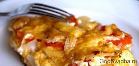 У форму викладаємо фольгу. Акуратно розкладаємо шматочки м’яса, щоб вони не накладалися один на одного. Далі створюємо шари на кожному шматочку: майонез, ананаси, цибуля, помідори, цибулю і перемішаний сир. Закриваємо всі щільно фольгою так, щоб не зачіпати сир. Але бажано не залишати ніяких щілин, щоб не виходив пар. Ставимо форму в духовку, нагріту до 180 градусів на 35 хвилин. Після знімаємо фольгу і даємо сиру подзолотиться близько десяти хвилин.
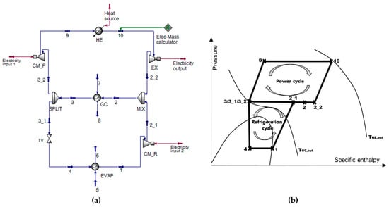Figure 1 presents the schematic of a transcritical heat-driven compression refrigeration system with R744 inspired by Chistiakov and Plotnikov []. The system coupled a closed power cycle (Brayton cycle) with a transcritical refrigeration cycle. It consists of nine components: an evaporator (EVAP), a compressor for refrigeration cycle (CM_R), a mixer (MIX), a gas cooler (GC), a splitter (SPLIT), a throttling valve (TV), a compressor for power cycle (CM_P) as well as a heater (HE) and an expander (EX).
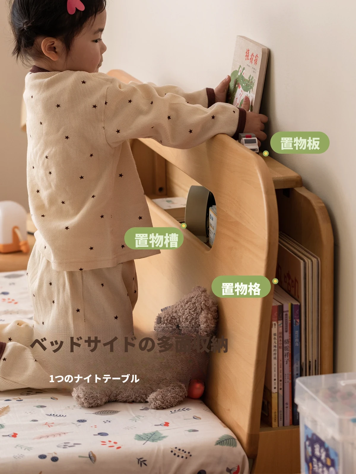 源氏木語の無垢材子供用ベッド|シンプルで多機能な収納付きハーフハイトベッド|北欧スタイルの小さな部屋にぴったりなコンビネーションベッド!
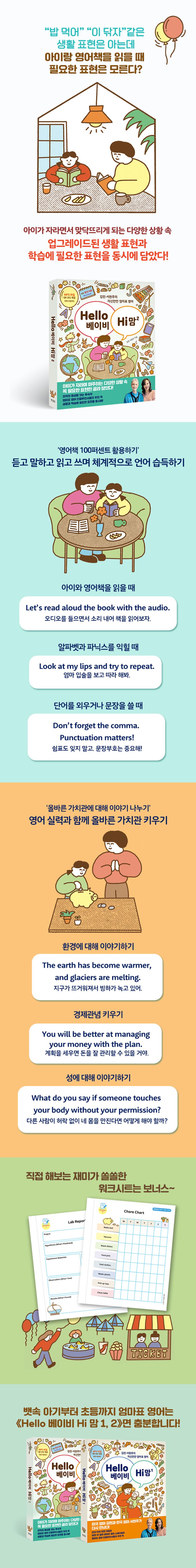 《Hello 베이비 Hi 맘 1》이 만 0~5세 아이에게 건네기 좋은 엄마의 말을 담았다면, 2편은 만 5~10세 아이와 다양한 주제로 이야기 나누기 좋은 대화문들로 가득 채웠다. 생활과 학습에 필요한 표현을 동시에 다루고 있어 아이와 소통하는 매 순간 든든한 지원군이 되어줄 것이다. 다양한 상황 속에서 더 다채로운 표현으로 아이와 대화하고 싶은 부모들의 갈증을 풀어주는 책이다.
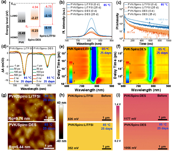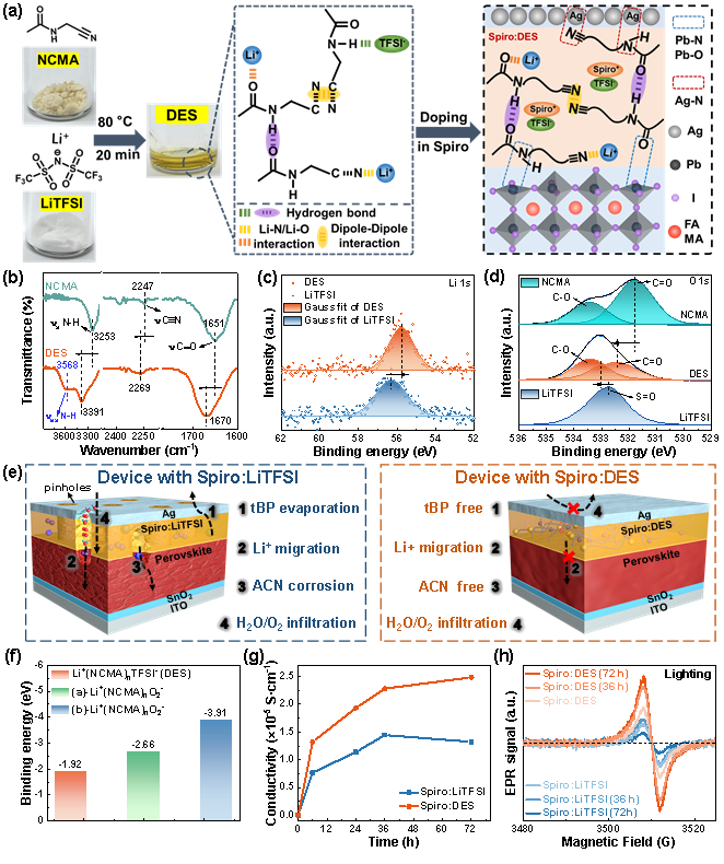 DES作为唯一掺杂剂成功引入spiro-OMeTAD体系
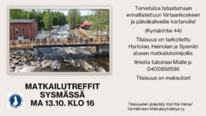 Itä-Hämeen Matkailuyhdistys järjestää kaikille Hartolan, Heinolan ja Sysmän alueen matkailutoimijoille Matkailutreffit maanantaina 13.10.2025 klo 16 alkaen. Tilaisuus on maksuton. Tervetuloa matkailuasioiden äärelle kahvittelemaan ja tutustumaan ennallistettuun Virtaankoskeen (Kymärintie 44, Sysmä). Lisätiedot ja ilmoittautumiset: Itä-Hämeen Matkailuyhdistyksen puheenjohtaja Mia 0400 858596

WHAT YOU NEED TO DO
Take the line that contains "源氏木語の無垢材子供用ベッド" as the first and the last line of the records as the end, and please quote those lines exactly, pictures omitted.

ANSWER SECTION
 源氏木語の無垢材子供用ベッド|シンプルで多機能な収納付きハーフハイトベッド|北欧スタイルの小さな部屋にぴったりなコンビネーションベッド!
 《Hello 베이비 Hi 맘 1》이 만 0~5세 아이에게 건네기 좋은 엄마의 말을 담았다면, 2편은 만 5~10세 아이와 다양한 주제로 이야기 나누기 좋은 대화문들로 가득 채웠다. 생활과 학습에 필요한 표현을 동시에 다루고 있어 아이와 소통하는 매 순간 든든한 지원군이 되어줄 것이다. 다양한 상황 속에서 더 다채로운 표현으로 아이와 대화하고 싶은 부모들의 갈증을 풀어주는 책이다.
 DES作为唯一掺杂剂成功引入spiro-OMeTAD体系
 Itä-Hämeen Matkailuyhdistys järjestää kaikille Hartolan, Heinolan ja Sysmän alueen matkailutoimijoille Matkailutreffit maanantaina 13.10.2025 klo 16 alkaen. Tilaisuus on maksuton. Tervetuloa matkailuasioiden äärelle kahvittelemaan ja tutustumaan ennallistettuun Virtaankoskeen (Kymärintie 44, Sysmä). Lisätiedot ja ilmoittautumiset: Itä-Hämeen Matkailuyhdistyksen puheenjohtaja Mia 0400 858596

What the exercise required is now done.